Learn more about bidirectional Unicode characters
$label = __( ‘Enable Logging’, ‘your-textdomain-here’ );
$description = __( ‘Enable the logging of errors.’, ‘your-textdomain-here’ );
if ( defined( ‘WC_LOG_DIR’ ) ) {
$log_url = add_query_arg( ‘tab’, ‘logs’, add_query_arg( ‘page’, ‘wc-status’, admin_url( ‘admin.php’ ) ) );
$log_key = ‘your-plugin-slug-here-‘ . sanitize_file_name( wp_hash( ‘your-plugin-slug-here’ ) ) . ‘-log’;
$log_url = add_query_arg( ‘log_file’, $log_key, $log_url );
$label .= ‘ | ‘ . sprintf( __( ‘%1$sView Log%2$s’, ‘your-textdomain-here’ ), ‘<a href=”‘ . esc_url( $log_url ) . ‘“>‘, ‘</a>‘ );
}
$form_fields[‘wc_yourpluginslug_debug’] = array(
‘title’ => __( ‘Debug Log’, ‘your-textdomain-here’ ),
‘label’ => $label,
‘description’ => $description,
‘type’ => ‘checkbox’,
‘default’ => ‘no’
);
Data validation
Validate user input as early as possible to prevent unexpected data in your data store. Check out WordPress Data Validation, which has plenty of helpful methods for validating user input.
Reserved terms
WordPress core has a set of reserved keywords, or terms, in WordPress that should not be used in certain circumstances as they may conflict with functionality. Here is a complete list of reserved keywords or terms.

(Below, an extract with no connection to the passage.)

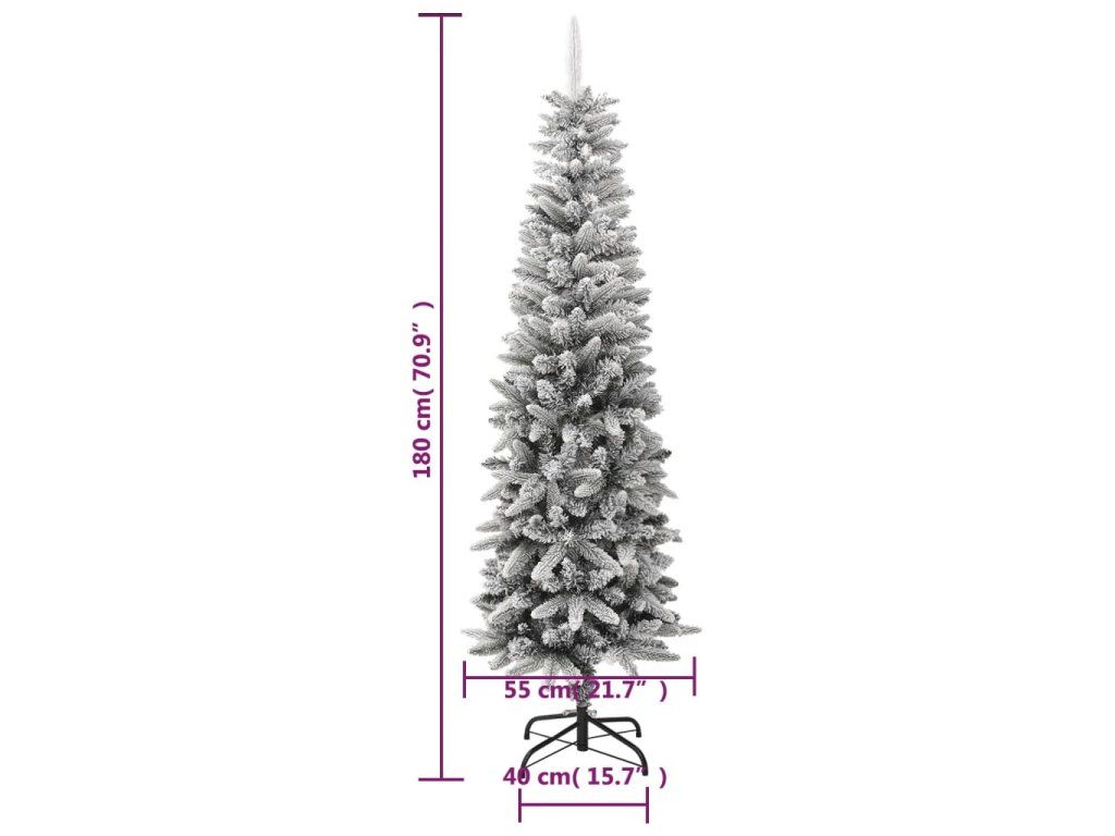 Multidom Zasnežený umelý úzky vianočný stromček 180 cm PVC a PE

Avoid global Variable conflicts
WordPress-specific global variables are used throughout WordPress code for various reasons. Almost all data that WordPress generates can be found in a global variable. It’s best to use the appropriate API functions when available, instead of modifying globals directly. Also, make sure that you are not overriding any global variable. It may affect other plugins’ functionality. Here is the complete list of WordPress Global Variables.
Optimize custom Query
It’s a great practice to evaluate the performance of custom queries. The WordPress Query helper function allows you to run a variety of queries in performant ways. Use WordPress Query functions wherever possible and minimize custom queries throughout the codebase. A poorly written query has the potential to take the entire server down.

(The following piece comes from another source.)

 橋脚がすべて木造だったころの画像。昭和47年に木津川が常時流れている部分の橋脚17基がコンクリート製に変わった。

PHP extension requirements
We aim to provide support for standard PHP extensions on our hosting platform so that your plugin can run. You can find a list of enabled PHP extensions on WordPress.com infrastructure here. Your plugin should not use any PHP extensions that are not supported. As a best practice, your plugin should implement a fallback strategy if any PHP extension is not enabled. i.e., you can use GD Library when ImageMagick is not available.
Implement nonces
If your plugin allows users to submit data be it on the Admin or the Public side; you must verify that the user is who they say they are and that they have the necessary capability to perform the action. Doing both in tandem means that data is only changing when the user expects it to be changing. The nonce is essentially a unique hexadecimal serial number used to verify the origin and intent of requests for security purposes.
Minimize security risks
The best security strategy is maximum awareness among developers. You can review OWASP’s Top Ten risks for spreading plugin security awareness. The plugin should aim to implement maximum security while minimizing security risks.
Version management
Your plugin should follow WordPress versioning. It’s a delimited trio of version numbers that each increment according to a set of shared principles and rules outlined in version numbering.